Try it: Your answer should be the exact lines of the data below from the one containing "US Navy E-9" through the one containing "Bring festive charm"; please include nothing else.

Record excerpts section start

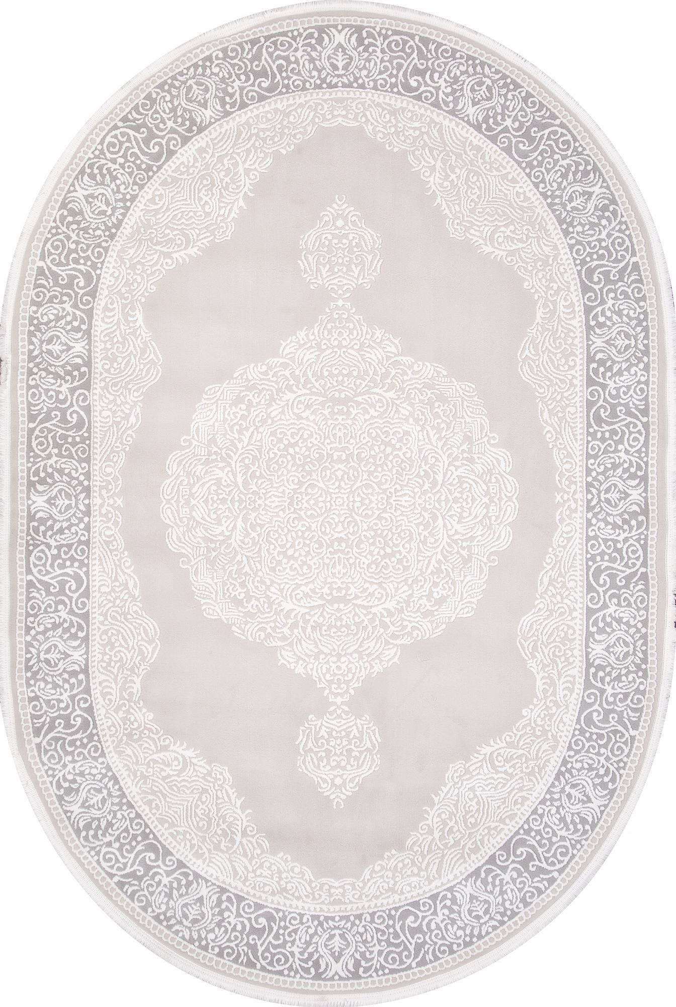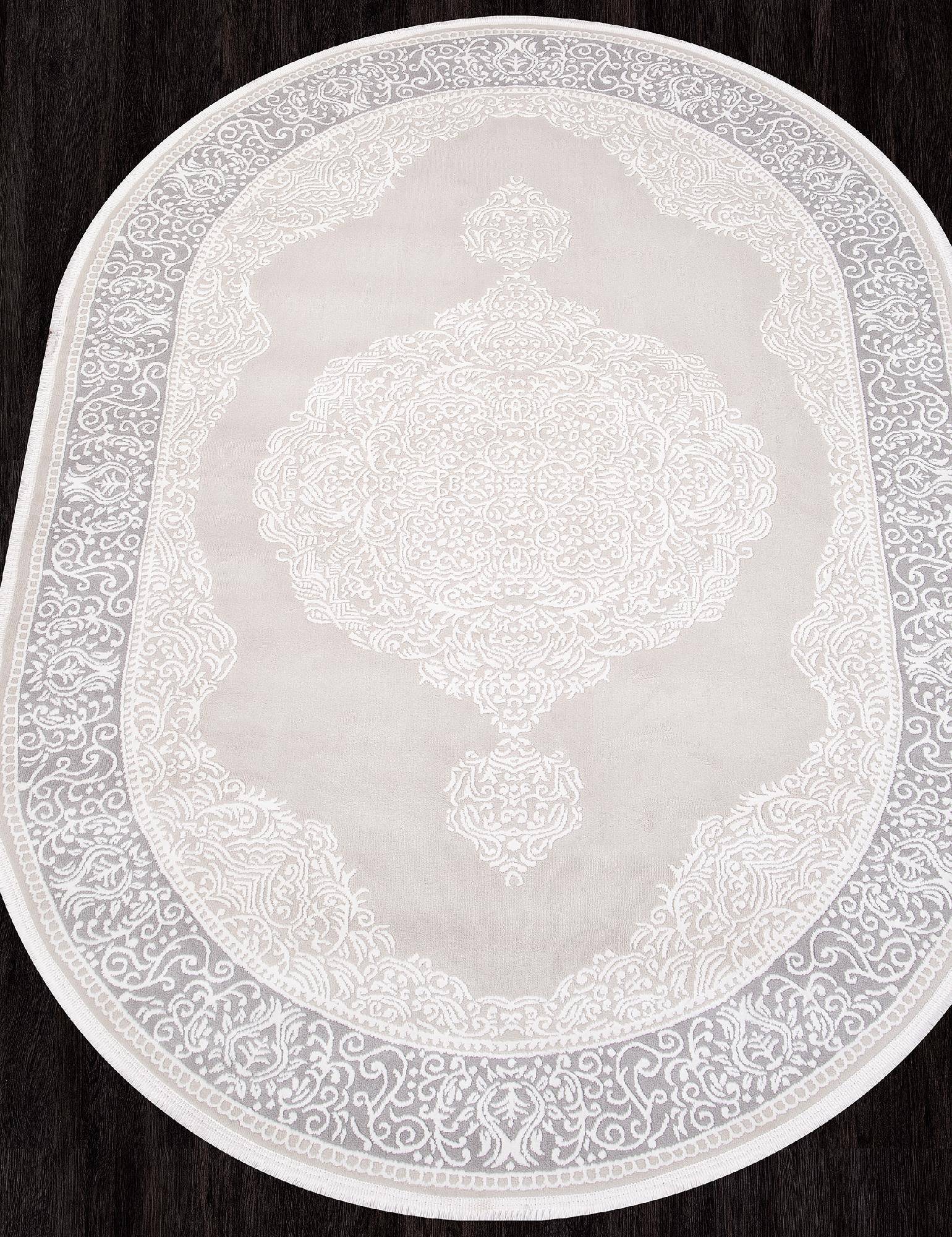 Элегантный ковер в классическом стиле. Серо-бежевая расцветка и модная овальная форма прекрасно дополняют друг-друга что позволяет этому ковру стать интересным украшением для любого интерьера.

Record excerpts section end
Record excerpts section start

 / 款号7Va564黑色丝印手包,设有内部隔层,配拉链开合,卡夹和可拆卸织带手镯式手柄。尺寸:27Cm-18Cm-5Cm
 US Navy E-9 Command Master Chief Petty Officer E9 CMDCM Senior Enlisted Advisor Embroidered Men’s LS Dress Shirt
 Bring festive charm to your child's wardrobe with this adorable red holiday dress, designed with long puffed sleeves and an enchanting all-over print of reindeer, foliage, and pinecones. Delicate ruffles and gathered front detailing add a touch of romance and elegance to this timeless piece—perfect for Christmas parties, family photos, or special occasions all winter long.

Record excerpts section end

Solution below:
 US Navy E-9 Command Master Chief Petty Officer E9 CMDCM Senior Enlisted Advisor Embroidered Men’s LS Dress Shirt
 Bring festive charm to your child's wardrobe with this adorable red holiday dress, designed with long puffed sleeves and an enchanting all-over print of reindeer, foliage, and pinecones. Delicate ruffles and gathered front detailing add a touch of romance and elegance to this timeless piece—perfect for Christmas parties, family photos, or special occasions all winter long.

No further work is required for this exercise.